In my recovery journey, I’ve discovered that making it to the other side of addiction can feel like squeezing through a narrow door. As addicts, we carry so many heavy layers through life; layers that make us unable to fit through the door to recovery.
I’m learning that finding sobriety and health is like peeling off these layers one at a time, thoughtfully and sometimes painfully. It’s an intentional process that cannot be rushed and you’ll discover that you will not peel a layer off until you’re ready and willing to surrender.
The very first step I took toward true health was to shed the layer of self-will. Underneath self-will I found surrender which opened up opportunities for blessings and miracles.
The next layer I had to shed was my habit of lying to others and myself. Once free of the weight of deceit, I found honesty which brought truth, identity, reality and clarity.
Following that layer, I had to remove shame and let it fade away. What I discovered underneath the shame was self-love and acceptance. Acceptance was truly the thing I had been desperately seeking; my deepest core desire and I found it within myself. Self-acceptance is the key to complete freedom and empowerment.
As I kept shedding layers, the next one that hit the floor was my belief that I deserved pain and punishment, and that I would never be enough. This layer was rooted deep within my being and was what drove me to pick up drugs over and over again. I wasn’t capable of fitting through the door to recovery while still wrapped up in this deadly layer of self-hatred. This was a fatal layer, able to suffocate my past, present and future.

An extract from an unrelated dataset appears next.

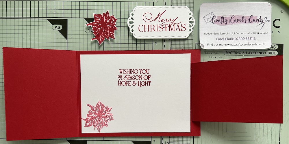 Stamp a sentiment and any decoration you want inside the card onto this piece and adhere inside your card, lining it up with a small border at the inner edge and leaving room to attach the fun fold panel (1cm or ½”) on the outside edge using tear & tape. It should look like this when open:
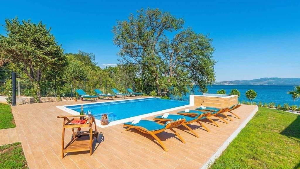 Croatia Zadar area waterfront villa for sale with pool offers complete privacy and is located in a picturesque cove surrounded by lush nature. The serene and peaceful setting ensures you can relax the moment you arrive.

This belief that I would never be enough came straight from hell to hold me down and restrain me from ever moving forward. Once this was finally removed, I gained self-love, clarity and a new, life-altering perspective that soon changed everything. The change that happens inside yourself during recovery is hard to put into words; it’s a complete transformation of worldview and perspective.
I’m sure there are many more layers to be shed and incredible discoveries to reveal as I continue this recovery journey. I feel lighter with each breakthrough, discovering my true self one layer at a time. And as I finally fit through that door to recovery, I‘m finding a new path that brings me hope, a happy ending, life, freedom and joy!